The sentence that stayed with me during Deborah’s final hours—“I brought my daughter into the world, and I took her out of it”—captured the weight of that moment. Sitting by her bed, holding her hand, time slowed into something quiet and unreal as love and loss met.
There is no guide for walking with your child toward the end of her life. Parents are not meant to outlive their children. I held Deborah with the same strength I once held her at birth, this time guiding her toward peace, whispering reassurances I never imagined saying.
Her hands felt smaller than I remembered, hands that once tied shoes, comforted her children, and fought relentlessly to live. Grief and relief settled together—grief at losing her, relief that her suffering was finally ending.

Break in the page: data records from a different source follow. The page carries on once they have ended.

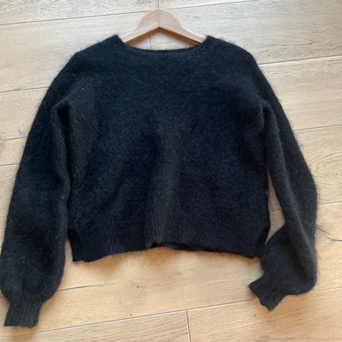 Deilig myk genser i lysegrå str. xs - romslig i størrelse og kan passes av str. xs til m etter hvordan du ønsker den skal sitte. Modellen heter Beatrice og har et fint hullmønster foran.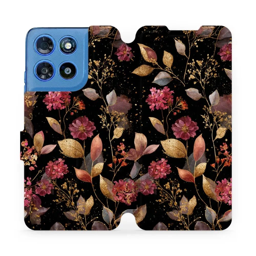 Flip pouzdro na mobil Motorola Moto G57 Power - Mobiwear V171S, zlatavé lístky a květyVyrobíme pro vás | Odesíláme do 2–3 dnů499 Kč412 Kč bez DPH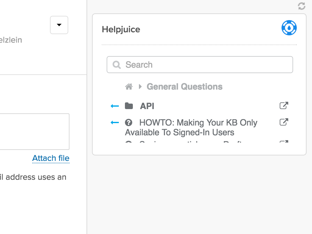 Easily navigate and search your Helpjuice Knowledge Base from within Zendesk tickets. You can also easily use your questions to answer Zendesk tickets.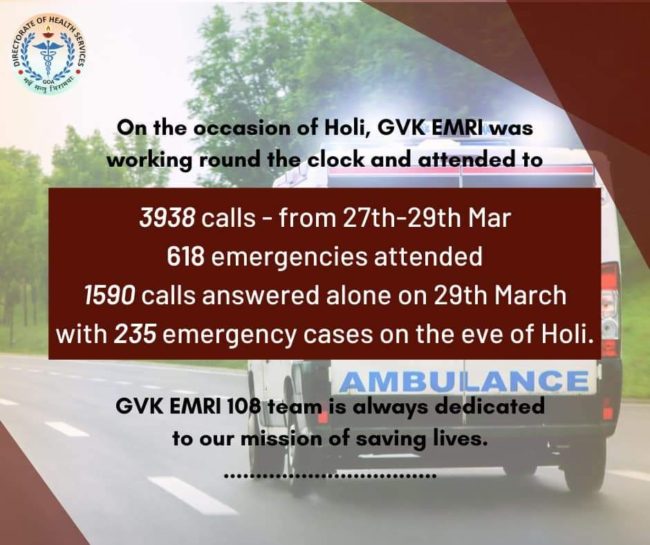 PANAJI: On the eve of the Holi weekend, followed by the Holi festival i.e. 27th, 28th & 29th March 2021, GVK EMRI run Emergency response centre & 108 ambulance fleet was kept on high alert to meet any eventuality during the festival of Holi.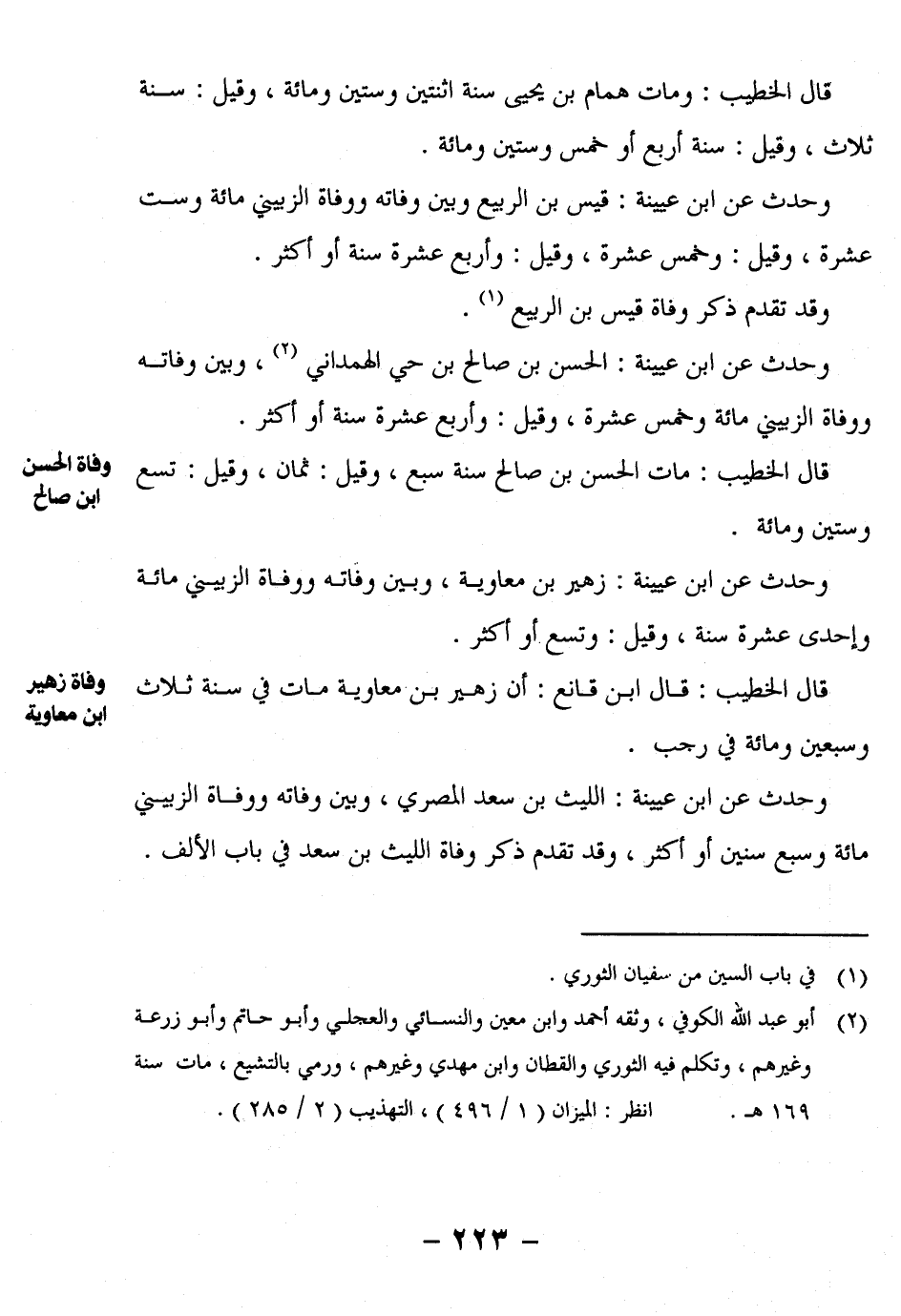 قَالَ الْخَطِيبُ: وَمَاتَ هَمَّامُ بْنُ يَحْيَى سَنَةَ اثْنَتَيْنِ وَسِتِّينَ وَمِائَةٍ، وَقِيلَ: سَنَةَ ثَلاثٍ، وَقِيلَ: سَنَةَ أَرْبَعٍ أَوْ خَمْسٍ وَسِتِّينَ وَمِائَةٍ. وَحَدَّثَ عَنِ ابْنِ عُيَيْنَةَ: قَيْسُ بْنُ الرَّبِيعِ وَبَيْنَ وفاته ووفاة الزبيني مِائَةٌ وَسِتَّ عَشْرَةَ، وَقِيلَ: وَخَمْسَ عَشْرَةَ، وَقِيلَ: وَأَرْبَعَ عَشْرَةَ سَنَةً أَوْ أَكْثَرُ.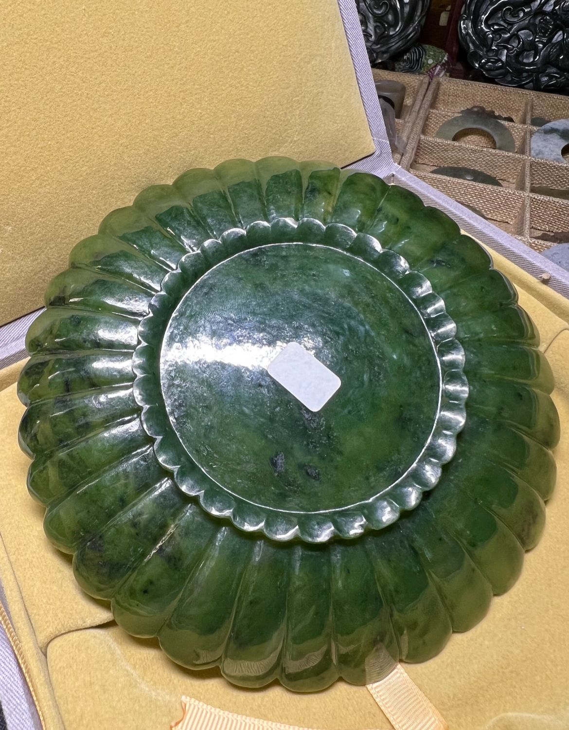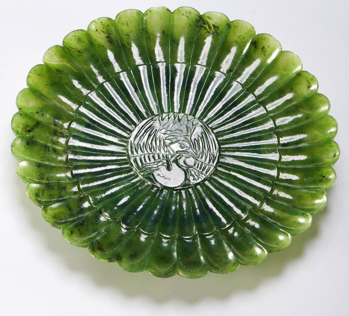 藏品名称:清代中期碧玉痕都斯坦玉盘 参考价格:800000.00 藏品规格: 藏品款识: 藏品类别:微拍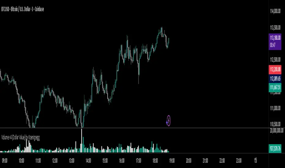 Volume v3 (Dollar Value) by Koenigsegg transforms traditional raw-unit volume into dollar-denominated volume, revealing how much money actually flows through each candle.
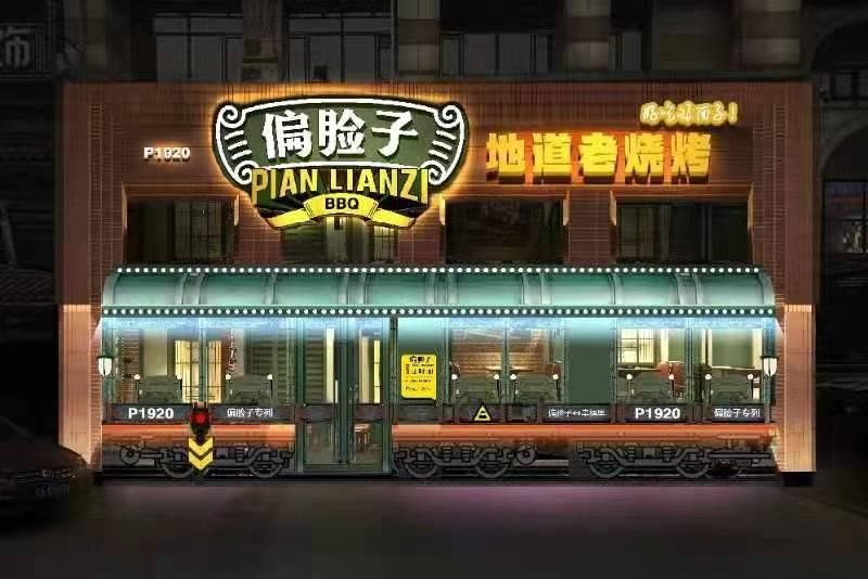 偏脸子烧烤用现代时尚的手法营造街巷的感觉,融合哈尔滨地方文化与铁路文化,营造独特餐厅氛围。以砖红色、哈尔滨绿为主色,以金属色、咖色为配色。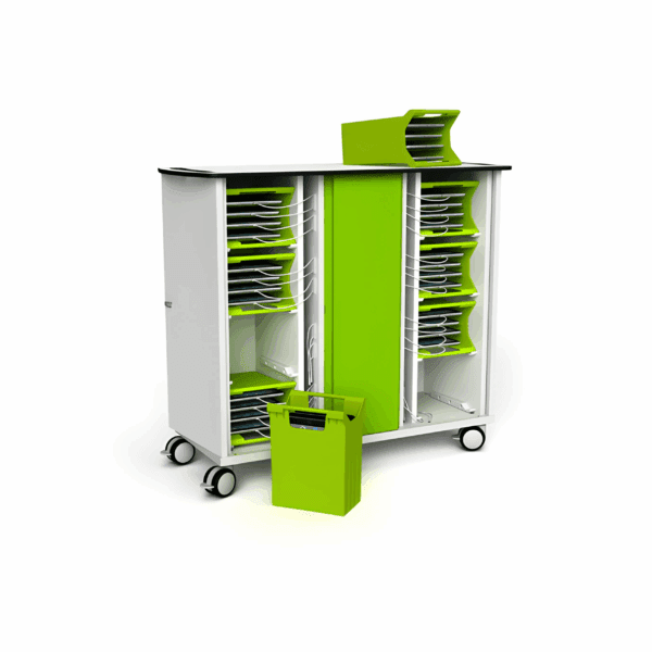 The Zioxi onView2 32 Bay iPad Basket Charging Trolley with carry baskets offer an affordable, low-carbon solution for charging, managing, and storing 32 iPads with screens up to 11″. Each portable basket holds 4 iPads, and the durable, easy to carry one piece design provides excellent protection for your devices. AC chargers are required but not included. Zioxi onView technology features an Energy Optimiser that helps reduce energy consumption, take advantage of low-cost and low-carbon electricity, and extend battery life. It also includes automatic scheduling, customizable rule-based alerts, such as notifications if trolleys aren’t plugged in at the end of the day or have completed charging and detailed status and usage insights. Users can track carbon footprint history, electricity costs, trolley locations on a map, and overall charging trolley usage.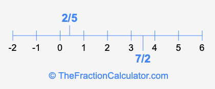 We'll start by presenting the illustration below that shows you where 2/5 and 7/2 are positioned on a number line. This will help you fully understand and visualize our calculations.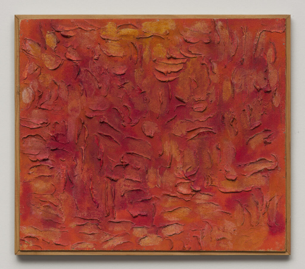 „Menschen, wie Blumen … Früchte, wie Menschen … Farben, die blühen“, als Hal Busse diese Sätze voller Enthusiasmus über ihre neu entstandenen Arbeiten in ihr Tagebuch schrieb, lebte sie „im Farbrauch“. Rot, vor allem Rot wird zu ihrer Schlüssel- und Lieblingsfarbe. „Rot geht mit allen Farben“ freut sie sich 1964. Da hat eine neue Haltung, Offenheit und Vielstimmigkeit in ihrem Œuvres die Oberhand gewonnen. Eindrucksvoll vor allem jene Arbeiten, die zwischen Gegenständlichkeit und Abstraktion pendeln – etwa die großformatige „Obsternte“ (1952/53), eine lyrische Bildfindung, die die Künstlerin auf internationalem Niveau zeigt.

For five and a half years, Deborah battled stage 4 bowel cancer through surgeries, treatments, hope, and heartbreak. She fought for her children, Hugo and Eloise, for her husband, and for countless others. By sharing her journey publicly, she encouraged people to seek help, start conversations, and listen to their bodies.
Her final days were gentle. She slept more, spoke softly, and focused on her children’s futures. Now, grief comes in waves, but her presence remains. Deborah’s legacy lives on in the lives she touched, the awareness she raised, and the love she gave—proof that a life is measured not by length, but by depth and courage.